Brazilian telecommunications company

Telebras is a Brazilian telecommunications company which was the state-owned monopoly telephone system. It was broken up in July 1998 into twelve separate companies, nicknamed the 'Baby Bras' companies, that were auctioned to private bidders. The new companies were the long distance operator Embratel, three fixed line regional telephony companies and eight cellular companies. It was re-established in 2010 according to Decree No. 7.175 that established the National Broadband Plan (PNBL), when then-President Luiz Inácio Lula da Silva tasked it with managing a nationwide plan to expand broadband Internet access.
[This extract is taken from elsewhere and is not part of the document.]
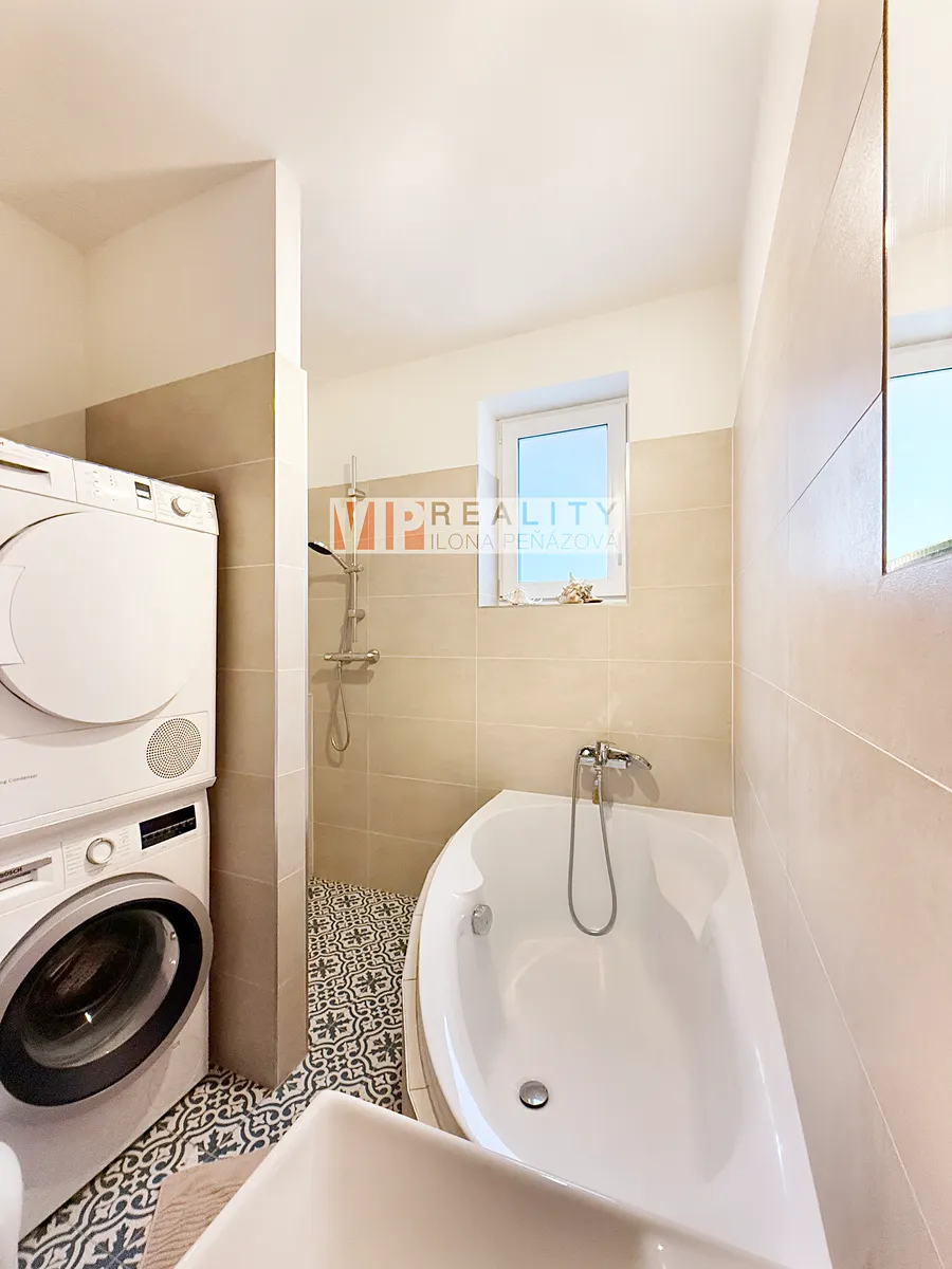 Celkově jde o příjemné, moderní a útulné bydlení, které kombinuje komfort novostavby s výhodami rodinného domu – vlastní zahrádka, terasa, bazén, garáž i klimatizace.

Telebras implements the private communication network of the federal public administration, public policy support and supports broadband, besides providing infrastructure and support networks to telecommunications services provided by private companies, states, Federal District, municipalities and nonprofits.

==History==
Attempts at privatization began during Fernando Collor de Mello's administration in 1990, as part of an economic reform dubbed National Privatization Program (Programa Nacional de Desestatização), within the Plano Collor, which was conducted by then-finance minister Zélia Cardoso de Mello The privatization was carried out some 8 years later during the administration of Fernando Henrique Cardoso, on July 29, 1998. Shares of the 12 "Baby Brás" began trading on the Brazilian stock exchange on September 21, 1998; and US-based trading of American Depository Receipts began on November 16 of the same year.
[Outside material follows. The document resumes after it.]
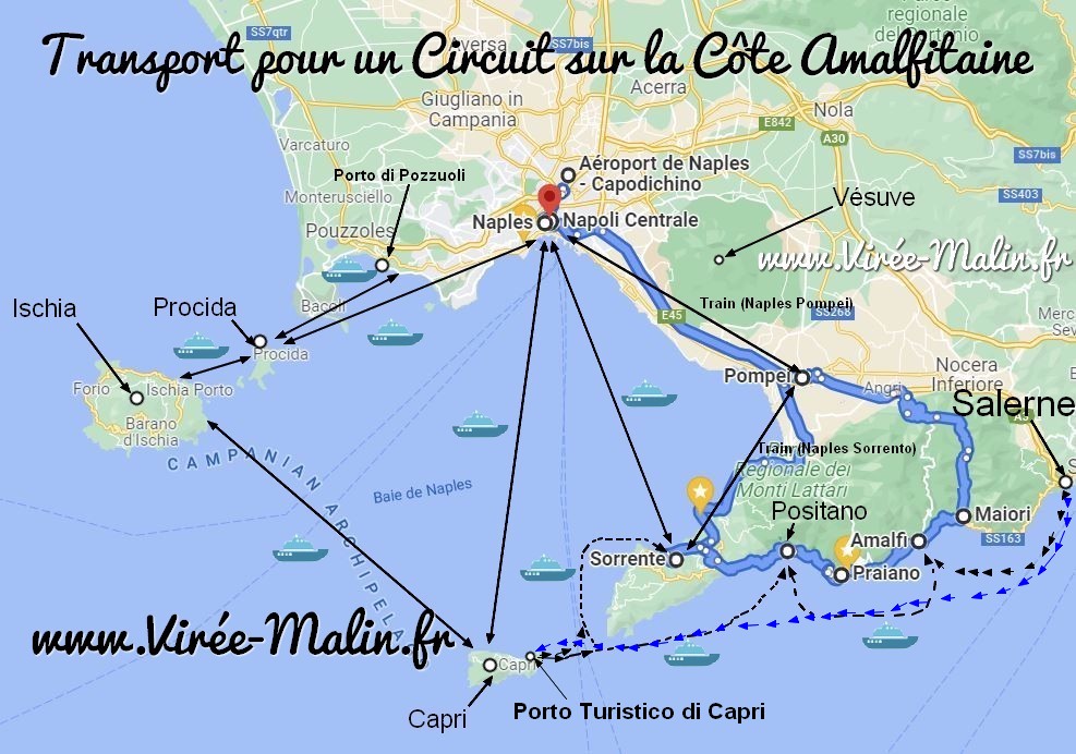 Je viens de vous envoyer le guide. Pour se rendre à Positano depuis Naples vous avez le taxi (c’est cher) ou le bus. Après vous pouvez aussi utiliser le train depuis la gare de Naples vers Sorrento (lien googlemap) puis vous prendrez un bus ou taxi !
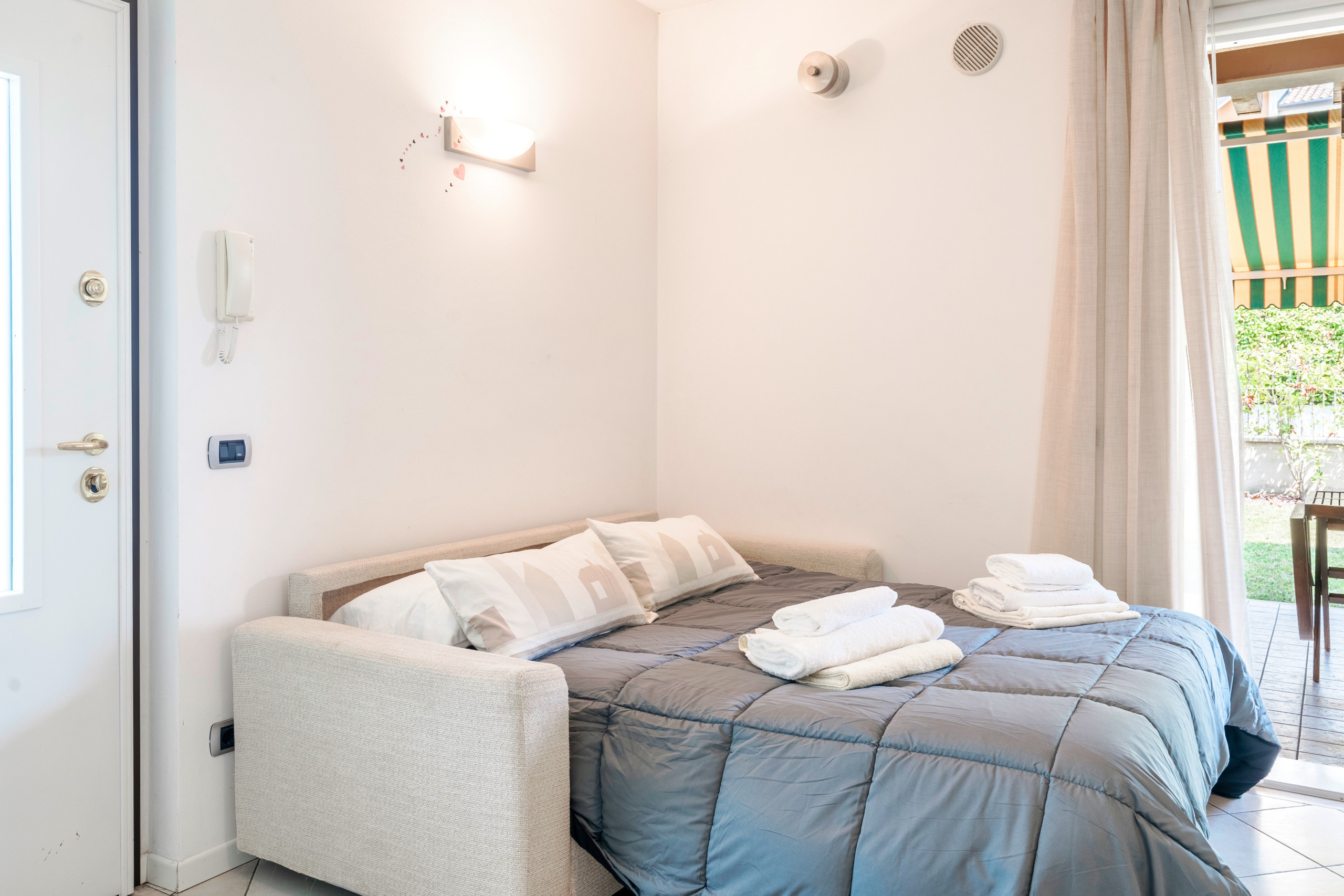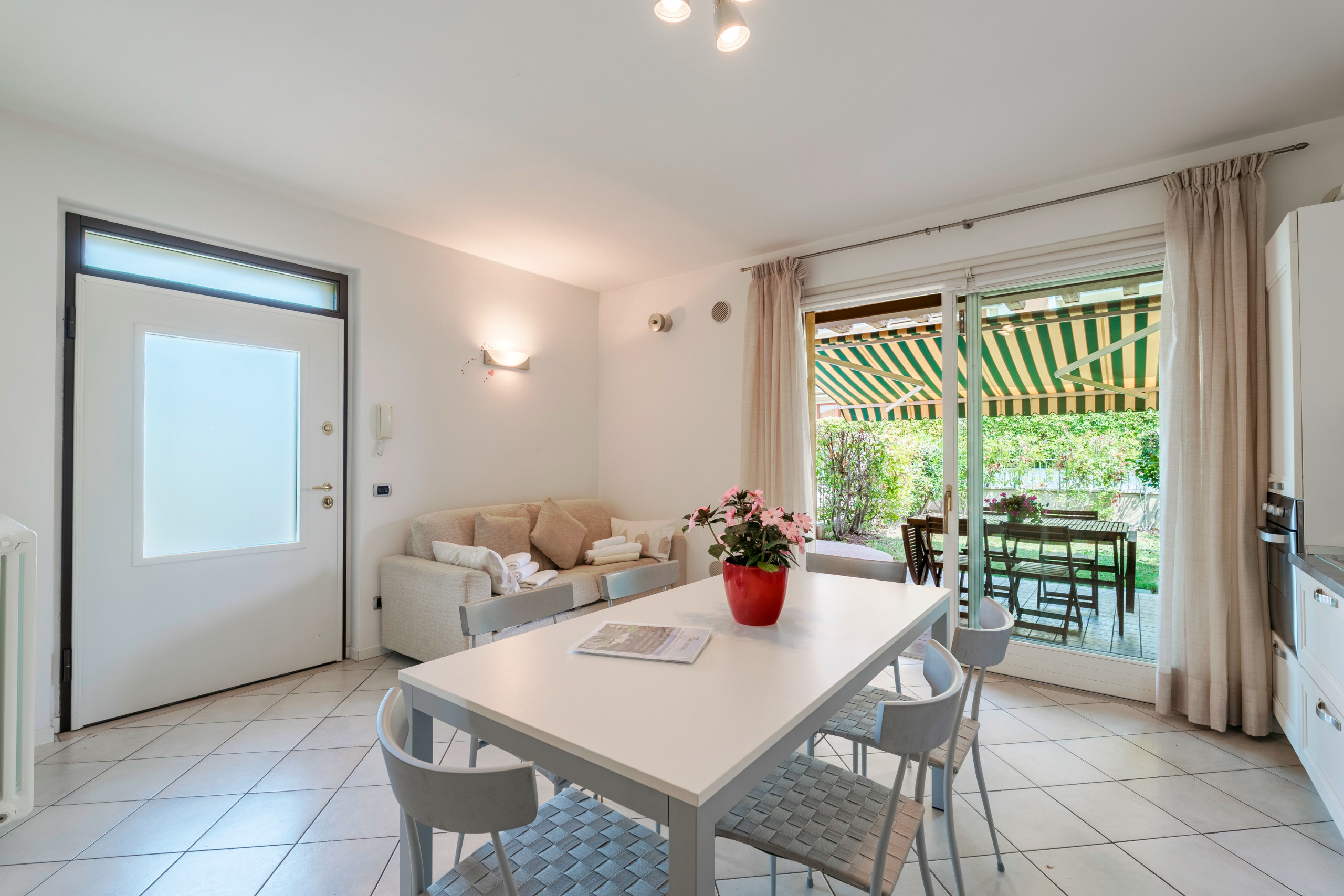 The apartment consists of a bright living area with a kitchenette with gas hob, refrigerator and freezer, dishwasher, electric/microwave oven, kettle, toaster and coffee machine. Wooden table in country chic style suitable for hosting up to 6 people. A comfortable double sofa bed (recommended for one adult or two children) and a reading armchair complete the living room. Air conditioning, satellite TV and wifi available for guests. Double bedroom with wardrobe, small bedroom with bunk bed and wardrobe. Windowed bathroom with shower cabin and convenient washing machine. A covered parking space within the complex available, access manoeuvre with limited space (width 235 cm, height 200 cm, depth 600 cm). Cellar where bicycles can be parked safely, sun loungers available for guests for use in the pool (swimming cap mandatory - pool use guaranteed 15/06-15/09 - open only during lifeguard hours 11.00/13.00 and 15.30/19.30). Pets not allowed, non-smoking apartment.

According to Carlos Henrique Moreira (president of Embratel), in the eight years after the privatization, from 1998 to 2006, the fixed and mobile telephone subscriber base increased by 27.4 million to 139 million, at an annual rate of 20%, generating an annual increase of income of 18%, from R$31 billion to R$121 billion). The government's tax revenue grew from R$9.3 billion to R$33.1 billion at an annual growth rate of 17%. The telecommunication services' penetration grew from 24% to 72%, or 17% annually. The number of direct jobs for the "Baby Brás" companies increased from 180,000 to 305,000, an annual increase of 7%." In the early days of the state-owned operation, some employees were auctioning off telephone lines in a scheme to pocket more cash from the highest bidders.

===Re-establishment===
With an investment of 200 million reais in late 2007 by the Federal Government, Telebras became the holding company of Fust resources and aims to be the administrator of a large network of optical fiber already deployed in the towers still owned by Eletrobrás and fiber optical networks that belong to Petrobras. The company is building a large national information highway that will serve the more remote locations of the country with digital inclusion to the populations served by public schools, public administrations, among others, in addition to providing (wholesale) interconnection providers of last mile. The project suffered resistance by sectors of society who see in this maneuver a possible re-nationalization of the sector.